En météorologie, on utilise différents diagrammes thermodynamiques pour pointer les données de température et d'humidité (point de rosée) d'un radiosondage afin de pouvoir les analyser. On y représente ces variables selon leur hauteur exprimée en niveau de pression, il s'agit donc de diagrammes Température pression qui sont construits selon la formule de Clausius-Clapeyron. Ils sont donc également appelés diagrammes aérologiques.

Les axes de ces diagrammes ne sont généralement pas à angle droit car la variation dans l'atmosphère de la température et de la pression est reliée à la loi des gaz parfaits. On veut également pouvoir représenter le changement d'énergie d'une parcelle d'air qui effectue un déplacement adiabatique par une aire proportionnelle à la surface entre la température de l'environnement et celle de sa courbe de température lors du changement d'altitude.

On y retrouve :

  • les isobares, lignes de constante pression, en abscisse ;
  • les isothermes, lignes de constante température en ordonnée ;
  • les adiabatiques sèches qui sont le chemin que suit une parcelle d'air non saturée pour changer de niveau de pression ;
  • les adiabatiques humides, ou pseudo adiabatiques humides, qui sont le chemin que suit une parcelle d'air saturée pour changer de niveau de pression ;
  • les lignes de rapport de mélange qui représentent la quantité d'eau dans l'air selon le point de rosée et la température.
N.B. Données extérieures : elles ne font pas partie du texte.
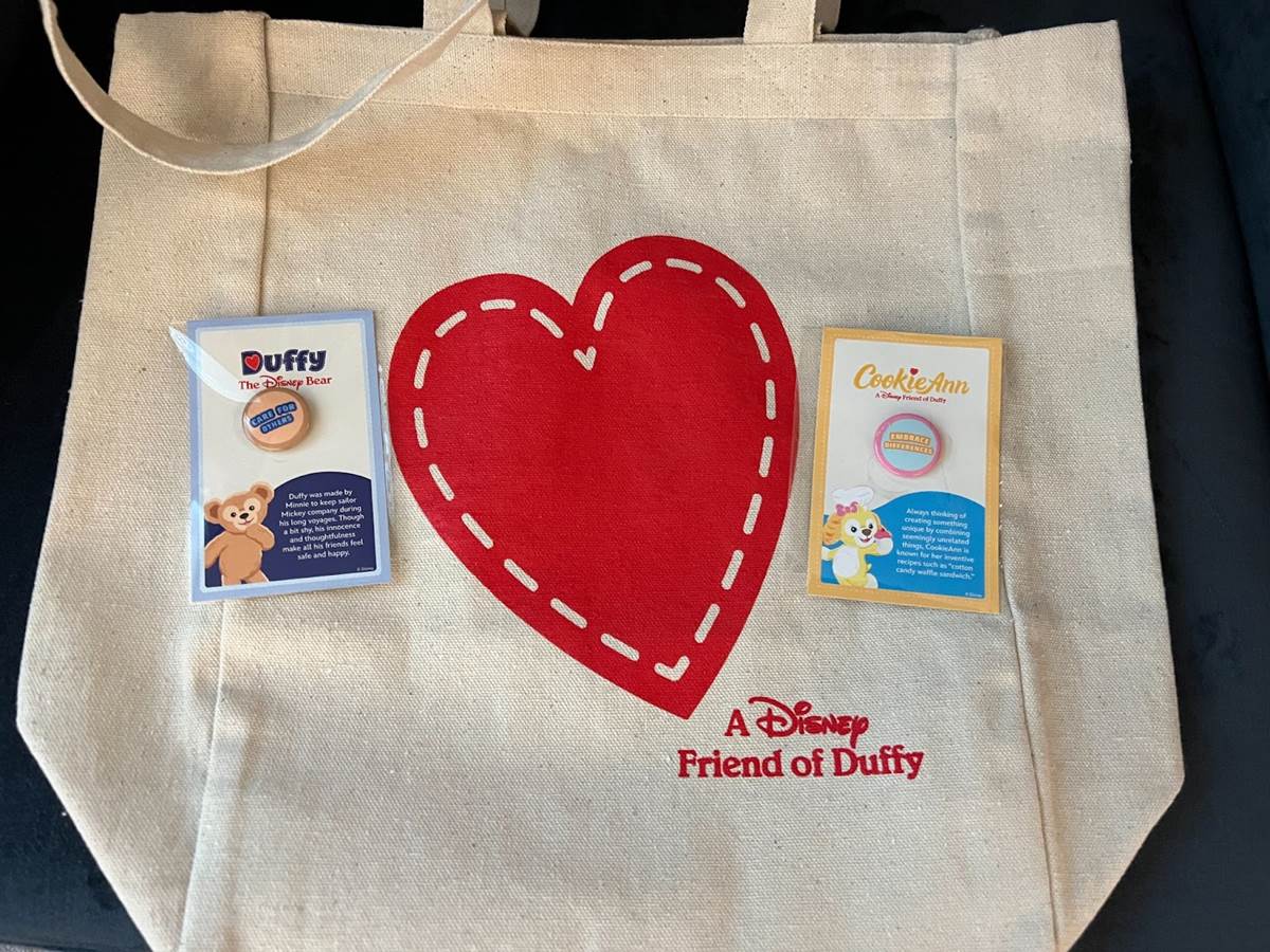 After stoppy by the stage to wave goodbye, D23 Expo attendees were given a reusable tote with a stitched heart that brands you as “A Disney Friend of Duffy." Each bag included two randomly selected buttons and almost instantly, attendees were trading for their favorites. After learning about their personalities, it was fitting that each button has the core value of their character on them. I traded for Duffy and CookieAnn, my two favorties in the line. “Care for Others" and “Embrace Differences."
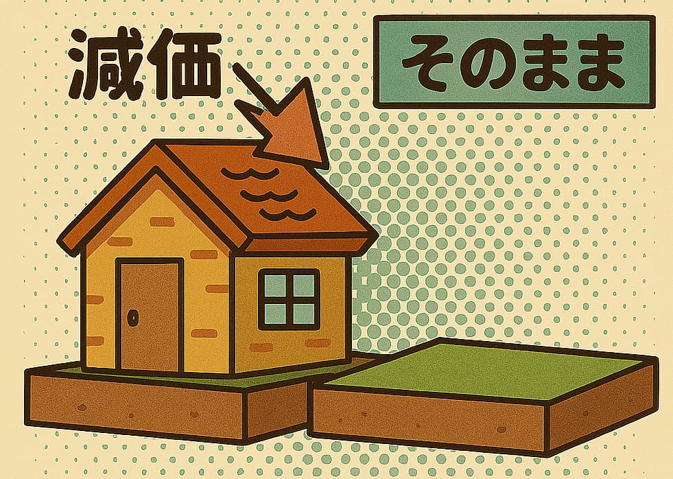 そこで、建物と土地の価値の特性に注目します。建物は『減価』しますが、土地は『減価』しません。(減価とは価値が減るという意味)

À partir des données pointées dans ces diagrammes, on peut analyser les couches nuageuses, leur stabilité et le type de précipitations qu'elles peuvent produire. À partir des lignes, on peut simuler ce qu'un déplacement d'air vers le haut ou le bas changerait à ces couches. Ainsi on peut noter le niveau de condensation par ascension et donc la base des nuages créés par un soulèvement de la masse d'air à un niveau. Si on atteint le niveau de convection libre, on peut déterminer la présence de nuages convectifs, les hauteurs de leurs bases de leurs sommets ainsi que leurs énergies potentielles. Ces analyses servent aux météorologistes à mieux connaître la structure et la nature de l'atmosphère afin de pouvoir prédire sa modification future.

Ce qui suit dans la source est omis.